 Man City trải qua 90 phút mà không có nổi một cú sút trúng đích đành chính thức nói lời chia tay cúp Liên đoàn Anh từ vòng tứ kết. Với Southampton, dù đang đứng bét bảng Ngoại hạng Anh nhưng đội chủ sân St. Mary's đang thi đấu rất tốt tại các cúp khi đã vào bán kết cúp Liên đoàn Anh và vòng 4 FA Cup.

* * *

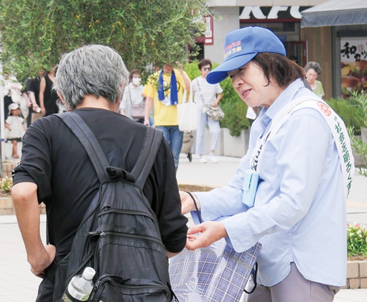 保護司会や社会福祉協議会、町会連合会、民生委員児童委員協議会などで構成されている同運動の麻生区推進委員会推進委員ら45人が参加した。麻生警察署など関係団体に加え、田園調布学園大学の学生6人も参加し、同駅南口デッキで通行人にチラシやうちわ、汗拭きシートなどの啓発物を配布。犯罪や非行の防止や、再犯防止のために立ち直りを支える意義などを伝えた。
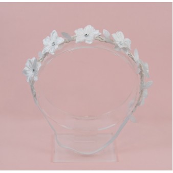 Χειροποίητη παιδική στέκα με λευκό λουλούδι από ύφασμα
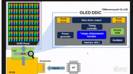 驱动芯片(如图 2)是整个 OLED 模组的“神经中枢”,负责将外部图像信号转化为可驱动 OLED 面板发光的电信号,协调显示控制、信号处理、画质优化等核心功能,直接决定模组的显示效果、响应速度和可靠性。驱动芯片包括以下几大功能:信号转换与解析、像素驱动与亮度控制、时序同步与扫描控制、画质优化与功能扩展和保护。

**WHAT THE TASK ASKS:** Reproduce exactly the lines of the data above that run from the line with "Χειροποίητη παιδική στέκα" down to the line with "驱动芯片(如图 2)是整个 OLED", both ends included. Pictures do not belong in the copy.

**PROBLEM SOLUTION:**
 Χειροποίητη παιδική στέκα με λευκό λουλούδι από ύφασμα
 驱动芯片(如图 2)是整个 OLED 模组的“神经中枢”,负责将外部图像信号转化为可驱动 OLED 面板发光的电信号,协调显示控制、信号处理、画质优化等核心功能,直接决定模组的显示效果、响应速度和可靠性。驱动芯片包括以下几大功能:信号转换与解析、像素驱动与亮度控制、时序同步与扫描控制、画质优化与功能扩展和保护。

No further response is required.